Message-ID	<iv3nh8$9kk$1@speranza.aioe.org>
In reply to	#191

Hi Laurenz,

On 7/7/2011 12:05 AM, Laurenz Albe wrote:
> Don Y wrote:
>> The sorts of relations are all predefined.  A (cell phone) "user"
>> could opt to add a name to his "contact list".  Or, delete one.
>> Or "edit" an existing contact.  Or, purge the log of the least
>> recent calls.  etc.
>>
>> He might even want to add "another" contact list (named "business
>> contacts"), etc.
>
> This is pretty vague, but it sounds like nothing you need a
> superuser account for.

I'm not claiming to need a "privileged" account.  Rather, there is
an agent (a piece of software) that sits between the "user" and
the DBMS that interacts with the DB on behalf of the user and
reports back to the user.

So, it can run a query -- and then manually vacuum, etc.

Resources are scarce/fixed so you can't just arbitrarily do
something and let the pieces fall where they may.  Instead,
you have to interact with the DB in ways that are more
"economical" (in space/time/power/etc.).

> Keep administrative stuff (VACUUM, backups) separate from the rest.
>
>> But, he's not creating any arbitrary relations.  And, the queries
>> he'll run are predefined -- with "fill in the blank" parameters, etc.
>
> Yup, that's exactly where the user can use SQL injection to break
> into your database.

That's why there's an agent in the middle to "sanitize" all
interactions with the DBMS.  The interface to the DBMS is
never "raw".

>> I.e., if PostgreSQL can't keep the relations intact, then it has
>> fundamental bugs (in which case, why would *anyone* be using it?).
>
> You misunderstood me.
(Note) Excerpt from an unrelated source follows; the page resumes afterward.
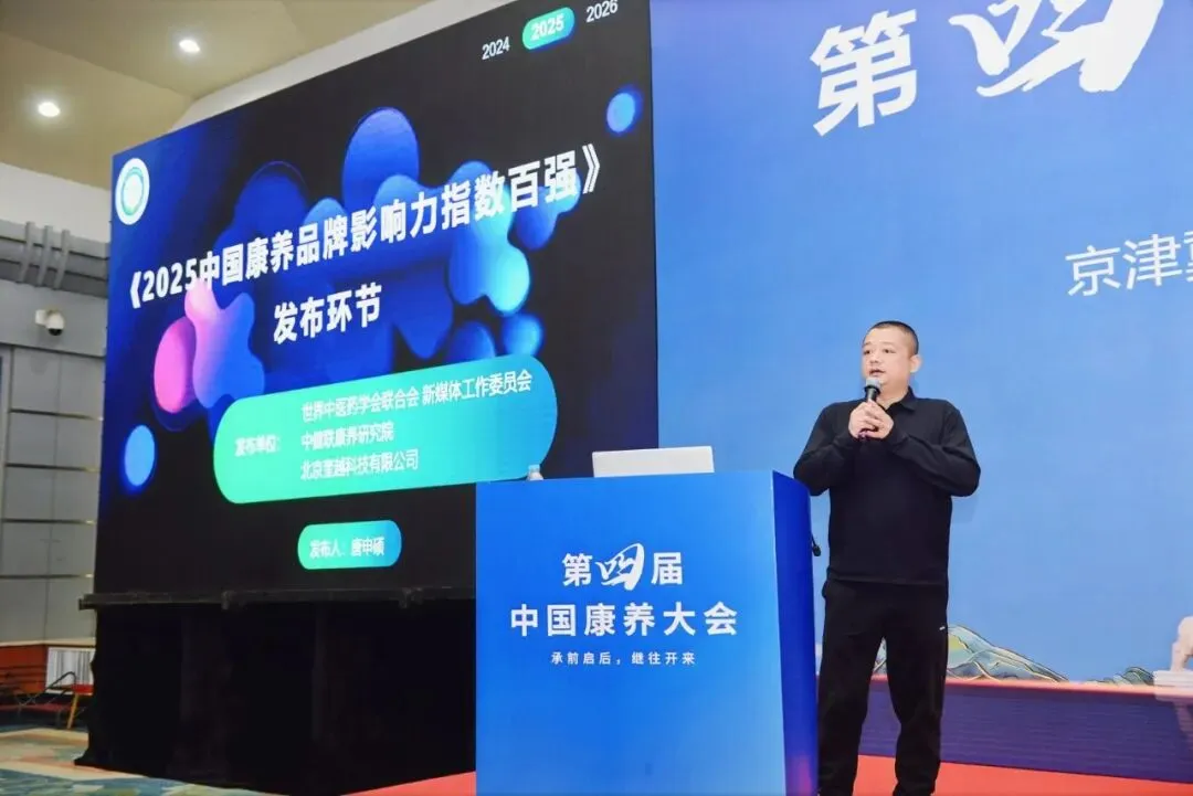 世界中医药学会联合会新媒体工委会副会长、中健联康养研究院副院长唐申硕发布《2025中国康养品牌影响力指数100强》。

PostgreSQL will keep its stuff consistent.

Then there won't be any problems.  :>

> If somebody breaks into your database with a superuser account,
> he or she can very consistently read and change everything in the
> database, access the file system, and theoretically do anything with
> your machine that the OS user has permissions to do.
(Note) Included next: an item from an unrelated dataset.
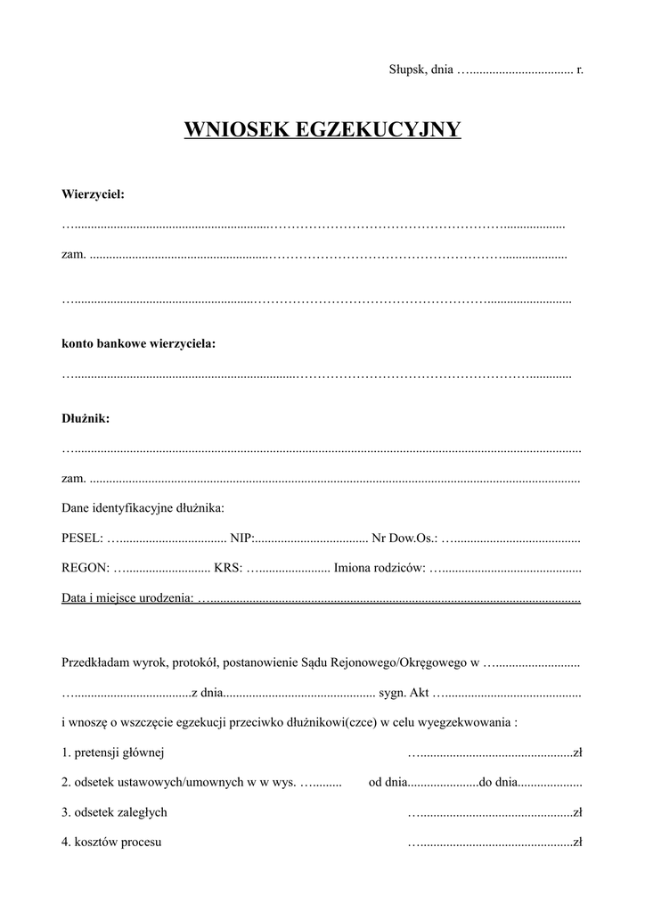 Słupsk, dnia …................................ r. WNIOSEK EGZEKUCYJNY Wierzyciel: …............................................................………………………………………………................... zam. .......................................................……………………………………………….................... ….......................................................……………………………………………….......................... konto bankowe wierzyciela: …....................................................................………………………………………………............. Dłużnik: …............................................................................................................................................................ zam. ....................................................................................................................................................... Dane identyfikacyjne dłużnika: PESEL: …................................. NIP:................................... Nr Dow.Os.: …....................................... REGON: ….......................... KRS: …...................... Imiona rodziców: …........................................... Data i miejsce urodzenia: ….................................................................................................................. Przedkładam wyrok, protokół, postanowienie Sądu Rejonowego/Okręgowego w ….......................... …....................................z dnia............................................... sygn. Akt ….......................................... i wnoszę o wszczęcie egzekucji przeciwko dłużnikowi(czce) w celu wyegzekwowania : 1. pretensji głównej 2. odsetek ustawowych/umownych w w wys. …......... …...............................................zł od dnia......................do dnia.................... 3. odsetek zaległych …...............................................zł 4. kosztów procesu …...............................................zł 5. kosztów klauzuli …...............................................zł 6. kosztów zastępstwa adwokackiego w procesie …...............................................zł 7. kosztów zastępstwa adwokackiego w egzekucji …...............................................zł 8. kosztów poprzedniej egzekucji …...............................................zł 9. kosztów innych …...............................................zł 10. kosztów egzekucyjnych, które powstaną w toku egzekucji Wnoszę o wszczęcie egzekucji z: ruchomości dłużnika: …..................................................................................................................... konta bankowego dłużnika: …............................................................................................................ wierzytelności dłużnika: …................................................................................................................. wynagrodzenia za pracę: …................................................................................................................ emerytury/renty: …............................................................................................................................. nieruchomości dłużnika: …................................................................................................................ innych praw majątkowych: …............................................................................................................ Wierzyciel oświadcza, że jeżeli dłużnik nie wskaże majątku w trybie art. 801 kpc wówczas Wierzyciel zleca poszukiwanie majątku dłużnika w trybie art. 801 ind 2 kpc. Wierzyciel oświadcza, że dokonuje wyboru Komornika na podstawie przepisuart. 8 ust.6 ustawy z dnia 15.05.2015r. o komornikach sądowych i egzekucji (tj. Dz.U. z 2015 r. Poz.790) . Załącznik: - oryginał tytułu wykonawczego ______________________ podpis wierzyciela

Understood.  But, the same vulnerabilities exist in any PostgreSQL
instance.  Less so, here, because the device isn't sitting on a
network, "exposed".

>> <shrug>   We'll see.  AFAIK, it hasn't been tried on this large
>> a scale previously (?)  As I said, the things I'm expecting from
>> the DBMS are probably different than what most users/DBA's would
>> expect.
>
> I don't want to play Kassandra here, but most of the people who
> want to use a software for something else than the intended use
> become quite unhappy in the end.

I don't see that what we are doing is in any way different from
what a PostgreSQL user could expect from a DB.  The differences
are that our "users" are applications -- not "organic beings".
And, that there is typically only a single "organic" user
associated with each PG instance.

[toc] | [prev] | [next] | [standalone]

#185 — Re: Is PostgreSQL good?

From	Matthew Woodcraft <mattheww@chiark.greenend.org.uk>
Date	2011-07-04 20:12 +0100
Subject	Re: Is PostgreSQL good?
Message-ID	<hOp*OqiHt@news.chiark.greenend.org.uk>
In reply to	#180

In article <iul48k$9v1$1@speranza.aioe.org>, Don Y  <nowhere@here.com> wrote:
> Are those parameters effectively "hints of a different color"?
> I.e., hints regarding the makeup of the *data* themselves
> instead of a particular *query*?

As Laurenz has explained, they're not.

But as I understand it, the PostgreSQL developers who are opposed to
adding 'traditional' hints think that the kind of hint you're
describing here is worth considering.

-M-

[toc] | [prev] | [next] | [standalone]

#186 — Re: Is PostgreSQL good?

From	Don Y <nowhere@here.com>
Date	2011-07-04 12:24 -0700
Subject	Re: Is PostgreSQL good?
Message-ID	<iut40n$bao$1@speranza.aioe.org>
In reply to	#185

Hi Mathew,

On 7/4/2011 12:12 PM, Matthew Woodcraft wrote:
> In article<iul48k$9v1$1@speranza.aioe.org>, Don Y<nowhere@here.com>  wrote:
>> Are those parameters effectively "hints of a different color"?
>> I.e., hints regarding the makeup of the *data* themselves
>> instead of a particular *query*?
>
> As Laurenz has explained, they're not.
>
> But as I understand it, the PostgreSQL developers who are opposed to
> adding 'traditional' hints think that the kind of hint you're
> describing here is worth considering.

Because that information could be exploited by "smarter"
incarnations of the planner?

I.e., their philosophy being to let the planner do the thinking
and give it whatever information might be *helpful* to facilitate
its coming to a "better plan" and then just invest (development)
effort in *making* that "smarter planner"?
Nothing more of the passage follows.